▶ **EXCERPTED DATA**:
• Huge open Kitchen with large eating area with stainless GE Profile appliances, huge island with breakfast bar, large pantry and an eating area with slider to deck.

---

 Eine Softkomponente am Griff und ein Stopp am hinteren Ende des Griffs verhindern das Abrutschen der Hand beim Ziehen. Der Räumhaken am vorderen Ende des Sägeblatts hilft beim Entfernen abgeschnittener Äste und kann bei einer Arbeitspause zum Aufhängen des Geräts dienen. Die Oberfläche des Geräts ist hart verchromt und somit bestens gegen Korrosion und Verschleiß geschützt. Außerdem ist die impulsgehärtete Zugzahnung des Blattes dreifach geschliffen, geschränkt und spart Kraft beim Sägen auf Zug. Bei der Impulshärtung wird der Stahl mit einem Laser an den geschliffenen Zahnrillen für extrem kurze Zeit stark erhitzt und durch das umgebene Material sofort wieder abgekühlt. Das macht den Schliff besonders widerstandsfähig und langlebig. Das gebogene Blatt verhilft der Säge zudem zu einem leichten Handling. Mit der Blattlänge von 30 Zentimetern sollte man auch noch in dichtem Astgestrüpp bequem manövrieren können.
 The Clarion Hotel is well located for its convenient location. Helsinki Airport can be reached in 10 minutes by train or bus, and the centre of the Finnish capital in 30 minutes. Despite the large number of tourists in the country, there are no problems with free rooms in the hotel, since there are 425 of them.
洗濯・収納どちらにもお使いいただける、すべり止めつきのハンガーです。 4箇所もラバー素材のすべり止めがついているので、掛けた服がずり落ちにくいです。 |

▶ **TASK GOAL**: Copy out whichever lines of the listing contain the word "large".

▶ **SOLVED EXERCISE**:
• Huge open Kitchen with large eating area with stainless GE Profile appliances, huge island with breakfast bar, large pantry and an eating area with slider to deck.
 The Clarion Hotel is well located for its convenient location. Helsinki Airport can be reached in 10 minutes by train or bus, and the centre of the Finnish capital in 30 minutes. Despite the large number of tourists in the country, there are no problems with free rooms in the hotel, since there are 425 of them.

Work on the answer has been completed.